What is a regular expression?
A regular expression (regex) is a sequence of characters that defines a search pattern. It is used for matching, finding, and manipulating text. For example, \d+ matches one or more digits, and [A-Za-z]+ matches one or more letters. Regex engines are built into virtually every programming language and text editor.
What are the different regex flavors?
Different languages implement regex with varying syntax and capabilities. JavaScript (ECMAScript) is the flavor used in browsers and Node.js — it lacks some features like named backreferences in lookbehinds in older engines. PCRE (Perl-Compatible Regular Expressions) is used by PHP, Python, Ruby, and many others and is the most feature-rich. POSIX (Basic and Extended) is used in Unix tools like grep and sed and has a more limited syntax. This cheatsheet covers ECMAScript/JavaScript regex as implemented in modern browsers.
What is the difference between greedy and lazy quantifiers?

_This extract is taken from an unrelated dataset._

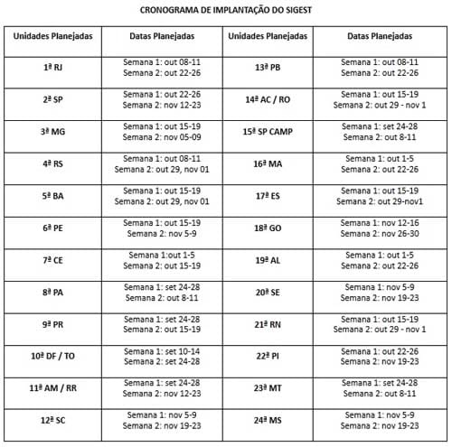 A instalação nos demais TRTs seguirá o seguinte cronograma:

Greedy quantifiers (*, +, ?, {n,m}) match as much text as possible while still allowing the overall pattern to match. Lazy (non-greedy) quantifiers (*?, +?, ??, {n,m}?) match as little text as possible. For example, given the string "<b>bold</b>", the greedy pattern <.+> matches the entire string "<b>bold</b>", while the lazy pattern <.+?> matches only "<b>" — the shortest possible match.
What are lookahead and lookbehind assertions?
Lookahead and lookbehind are zero-width assertions — they check for a pattern without consuming characters. Positive lookahead (?=abc) asserts that what follows is "abc". Negative lookahead (?!abc) asserts that what follows is not "abc". Positive lookbehind (?<=abc) asserts that what precedes is "abc". Negative lookbehind (?<!abc) asserts that what precedes is not "abc". Example: \d+(?= dollars) matches numbers only when followed by " dollars".
What are the most common regex mistakes?
The most frequent mistakes include: (1) Forgetting to escape special characters like . + * ? ( ) [ ] { } \ ^ $ | — a bare . matches any character, not a literal dot. (2) Using greedy quantifiers when lazy is needed, causing over-matching. (3) Anchoring issues — forgetting ^ and $ means the pattern can match anywhere in the string. (4) Catastrophic backtracking: patterns like (a+)+ on long non-matching input can cause exponential slowdowns. (5) Assuming . matches newlines — by default it does not; use the s (dotAll) flag to change this.